◆ **What needs to be done**
Copy out the full data exactly as given; pictures should not be included.
***** Extracted data
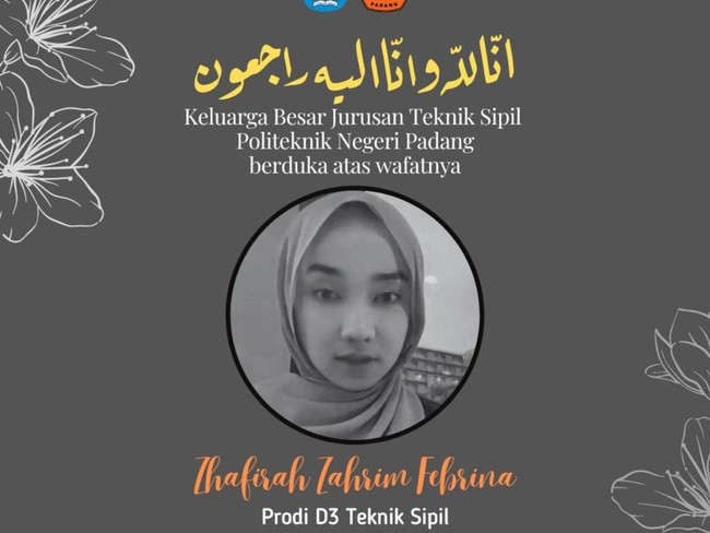 "Benar. Telah berpulang ke Rahmatullah Zhafirah Zahrim Febrina alias Ife, mahasiswa kami di Politeknik Negeri Padang, korban erupsi Gunung Marapi," kata Direktur Politeknik Negeri Padang (PNP) Surfa Yondri saat dikonfirmasi, dilansir detikSumut, Minggu (17/12/2023).
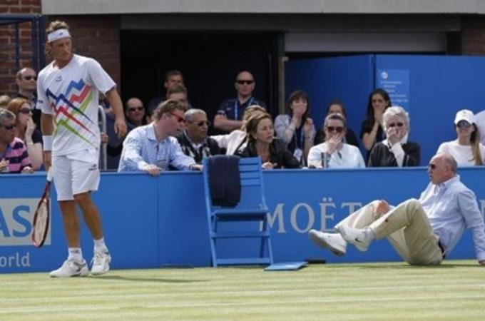 After missing a running forehand on game point, he kicked the board under the chair of line judge Andrew McDougall. A piece of the board cut the judge on the left shin, leaving him bloodied from an inch long gash.
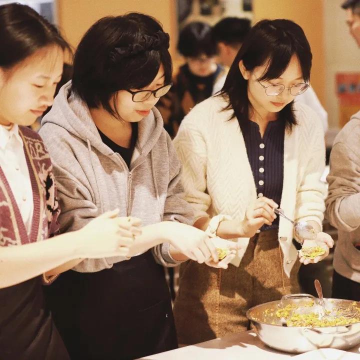看见一盘盘盈盈可爱的饺子,配上金黄香甜的拔丝地瓜、温润甜美的冰糖雪耳和香气袭人的锅包肉,大家食指大动,大饱口福。在场师生有说有笑,共叙情谊,场面欢乐和美。
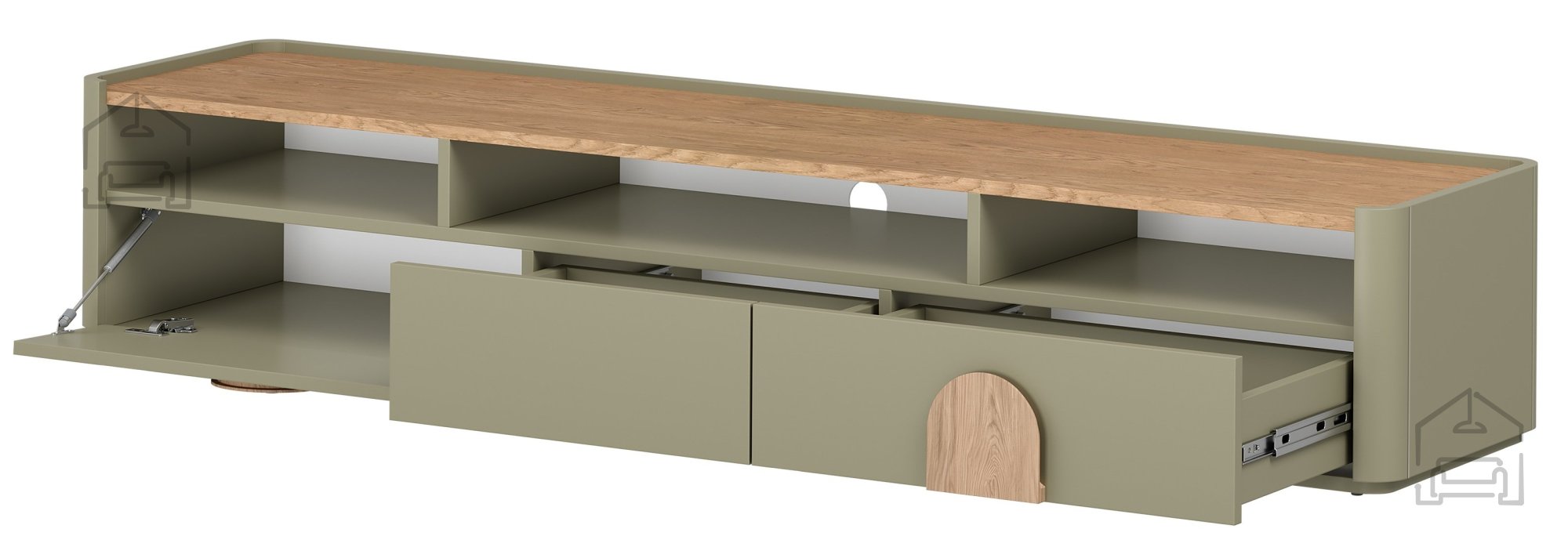 Model Amilio 200 1K2SZ je zasnovan z mislijo na praktičnost. Opremljen je s soft‑close sistemom zapiranja, ki omogoča tiho in nežno zapiranje vrat ter predalov. Ta mehanizem ne le povečuje udobje uporabe, temveč tudi zmanjšuje obrabo tečajev in vodil. V notranjosti se skriva premišljena razporeditev prostora – kombinacija zaprtega predela in dveh predalov omogoča shranjevanje večjih predmetov, kablov, daljinskih upravljalnikov ali dokumentov. Komoda ima tudi odprtino za kable, kar omogoča urejeno povezavo elektronskih naprav brez vidnih žic.
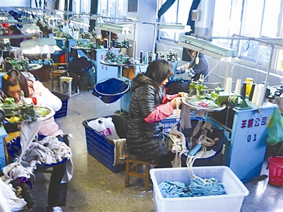 虽然订单大为减少,但桐庐羊绒针织有限公司仍然坚持生产。图为公司车间一角,女工们正在“穿针引线”。本报记者 刘津农 摄
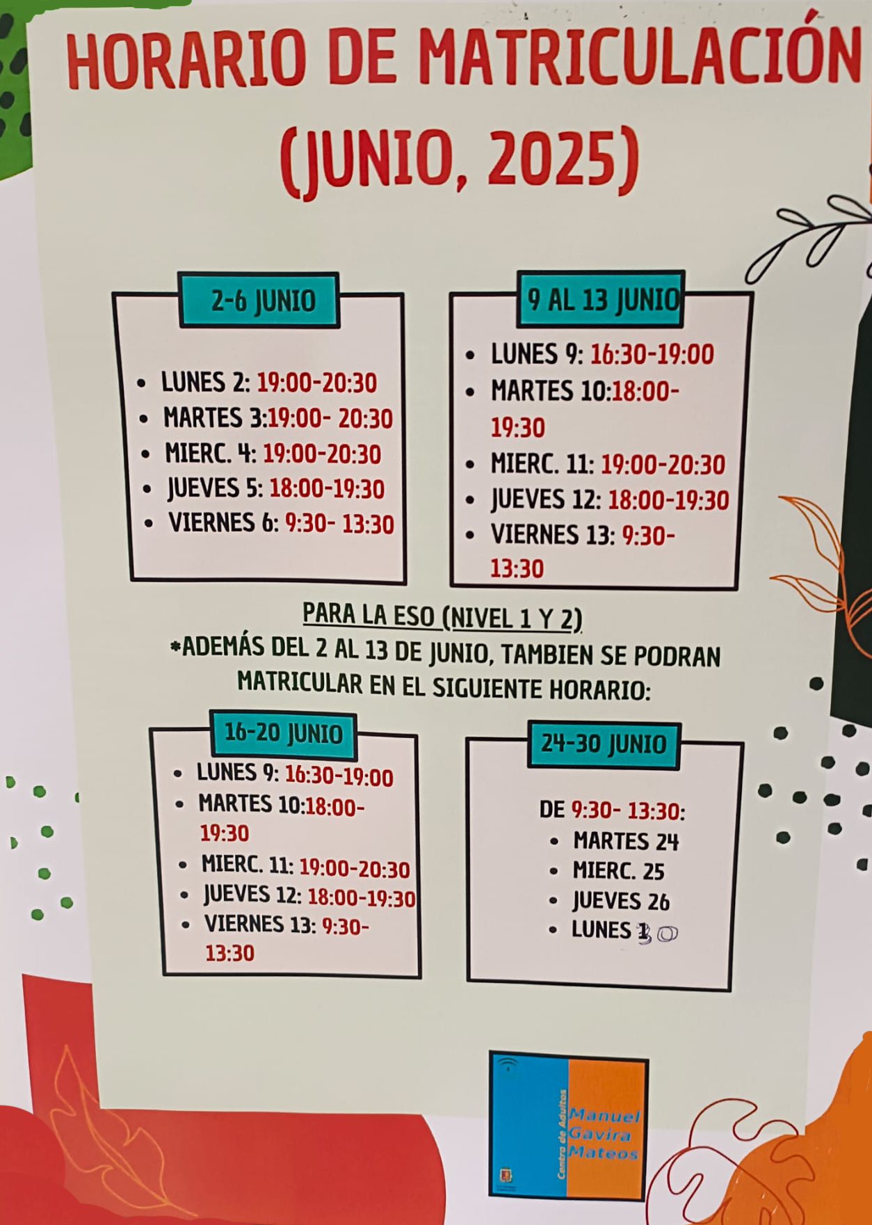 Matriculación para el curso 2025/26 del centro de adultos Manuel Gavira Mateos
**********
◆ **Finished exercise**
 "Benar. Telah berpulang ke Rahmatullah Zhafirah Zahrim Febrina alias Ife, mahasiswa kami di Politeknik Negeri Padang, korban erupsi Gunung Marapi," kata Direktur Politeknik Negeri Padang (PNP) Surfa Yondri saat dikonfirmasi, dilansir detikSumut, Minggu (17/12/2023).
 After missing a running forehand on game point, he kicked the board under the chair of line judge Andrew McDougall. A piece of the board cut the judge on the left shin, leaving him bloodied from an inch long gash.
看见一盘盘盈盈可爱的饺子,配上金黄香甜的拔丝地瓜、温润甜美的冰糖雪耳和香气袭人的锅包肉,大家食指大动,大饱口福。在场师生有说有笑,共叙情谊,场面欢乐和美。
 Model Amilio 200 1K2SZ je zasnovan z mislijo na praktičnost. Opremljen je s soft‑close sistemom zapiranja, ki omogoča tiho in nežno zapiranje vrat ter predalov. Ta mehanizem ne le povečuje udobje uporabe, temveč tudi zmanjšuje obrabo tečajev in vodil. V notranjosti se skriva premišljena razporeditev prostora – kombinacija zaprtega predela in dveh predalov omogoča shranjevanje večjih predmetov, kablov, daljinskih upravljalnikov ali dokumentov. Komoda ima tudi odprtino za kable, kar omogoča urejeno povezavo elektronskih naprav brez vidnih žic.
 虽然订单大为减少,但桐庐羊绒针织有限公司仍然坚持生产。图为公司车间一角,女工们正在“穿针引线”。本报记者 刘津农 摄
 Matriculación para el curso 2025/26 del centro de adultos Manuel Gavira Mateos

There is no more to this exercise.